Сам монарх в своей креатуре носил скромный сан протодьякона. Памятуя о любви самодержца к централизации и структурализации, ничуть не странным для нас будет читать подробный устав, регламентировавший порядок функционирования Всешутейшего собора. Устав писался как серьезная государственная бумага, с большой правовой грамотностью и пристрастием. Василий Осипович Ключевский, размышляя над тем, как веселились петровские подданные, пишет, что «еще хуже были увеселения, тоже штатные и непристойные до цинизма. Трудно сказать, что было причиной этого, потребность ли в грязном рассеянии после черной работы или непривычка обдумывать свои поступки. Петр старался облечь свой разгул с сотрудниками в канцелярские формы, сделать его постоянным учреждением».

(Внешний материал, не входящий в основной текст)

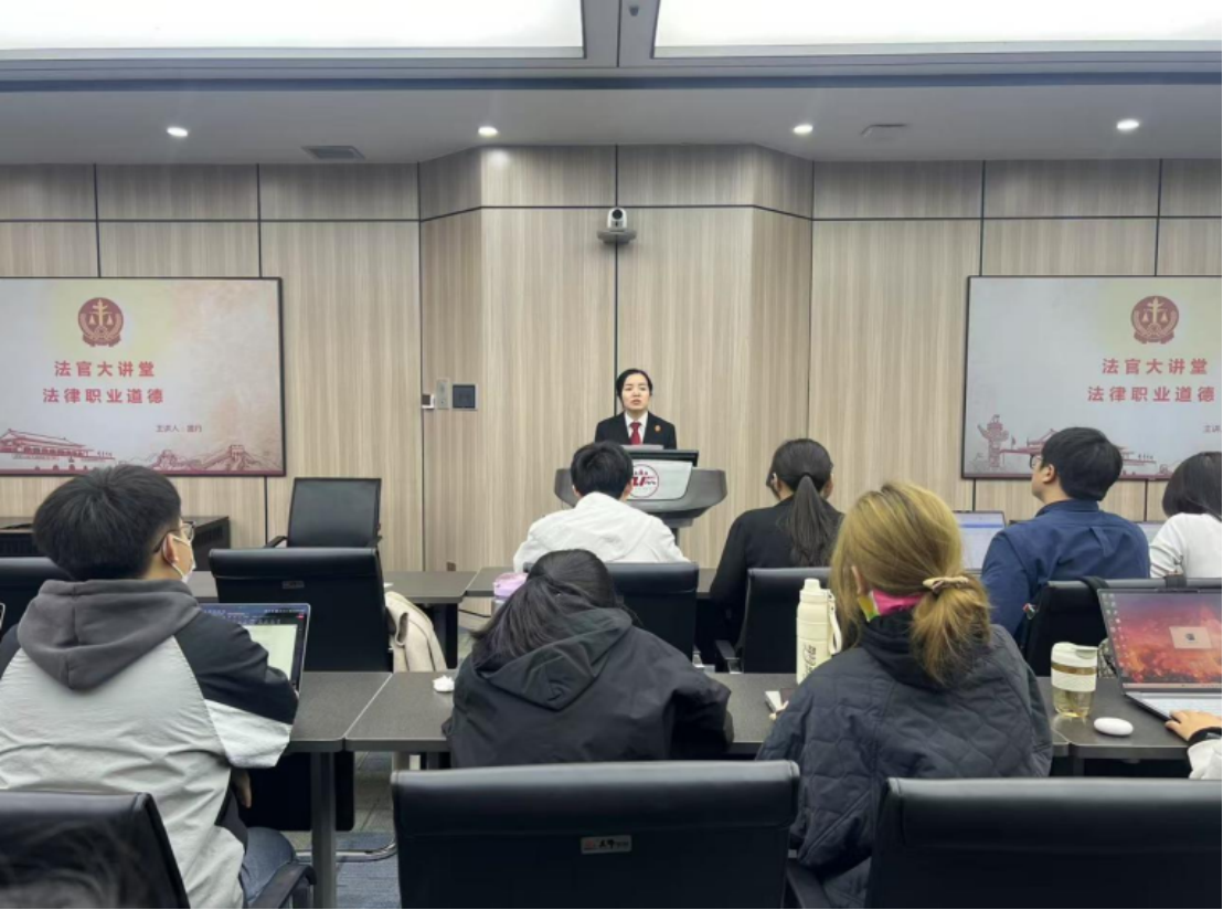 雷丹法官还提出,法律职业者要有一颗淡泊名利之心。法律职业是一个自主自律的职业,法官、检察官、律师等法律职业都有其必须遵守的职业道德规范。因此,成为一名优秀的法律职业者必须要加强自我管理,要爱岗敬业、清正廉洁、克己奉公,要信仰法律、崇尚法律。在办案中不畏权势,不徇私情不谋私利,正确处理法律与情理,法律与道德之间的关系,维护法律的尊严,让清廉之花盛开在自己的职业生涯。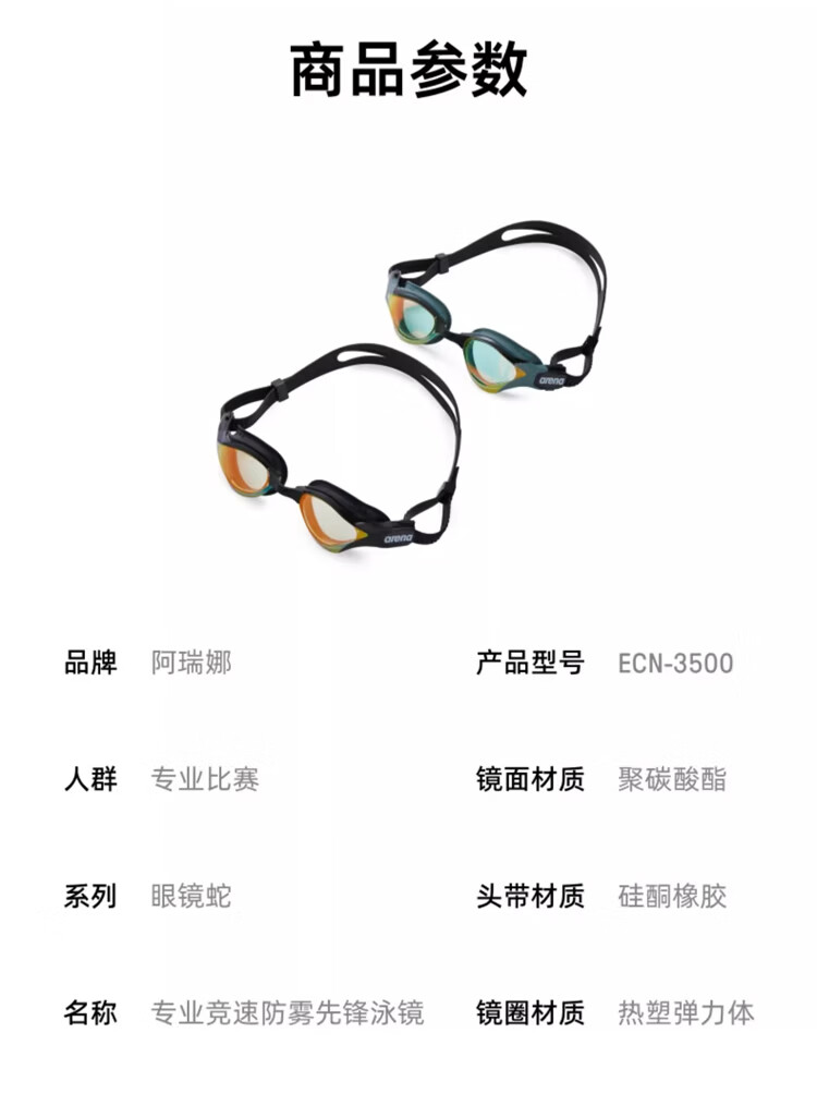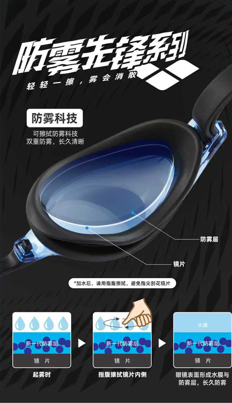 阿瑞娜(arena)进口防雾先锋徐嘉余同款游泳镜眼镜蛇专业游泳装备镜不起雾男女士 黑色(BLK)

Скрупулезно описывались чины избрания и поставления папы, порядок рукоположения на тот или иной сан. Определяющей заповедью было пьянство: под строжайший запрет попал трезвый сон. Выбрав своей целью моление Бахусу и прославление Бахуса, собор подчинялся строгой концепции пьянодействия, «служения Бахусу и честнаго обхождения с крепкими напитками». Строгий порядок контролировал одежды пьющих, образ верной молитвы алкоголю, песнопения. В структуру этой маргинальной организации входили даже женщины: Дарья Гавриловна Ржевская до 1717 года была главной в женской иерархии, нося титул «княжны-игуменьи». Ей на смену пришла Анастасия Петровна Голицына. На ступень ниже стояли «архиигуменьи», затем «игуменьи», «диаконисы» и «монахуйни» («монахини»). Жены «служителей Бахуса» также становились участницами пьяных оргий.
Инициация напоминала обряд древней церкви: оглашенного в процессе «крещения» спрашивали издевательски «Пиеши ли?» взамен «Веруеши ли?» Трезвенники же, объявляемые размножающими ереси, лишались возможности посещать кабаки по всей империи. Анафема ждала «мудрствующих еретиков-пьяноборцев». В. О. Ключевский делал по сумме этих образов такой вывод: «Одним словом, это была неприличнейшая пародия церковной иерархии и церковного богослужения, казавшаяся набожным людям пагубой души, как бы вероотступлением, противление коему – путь к венцу мученическому».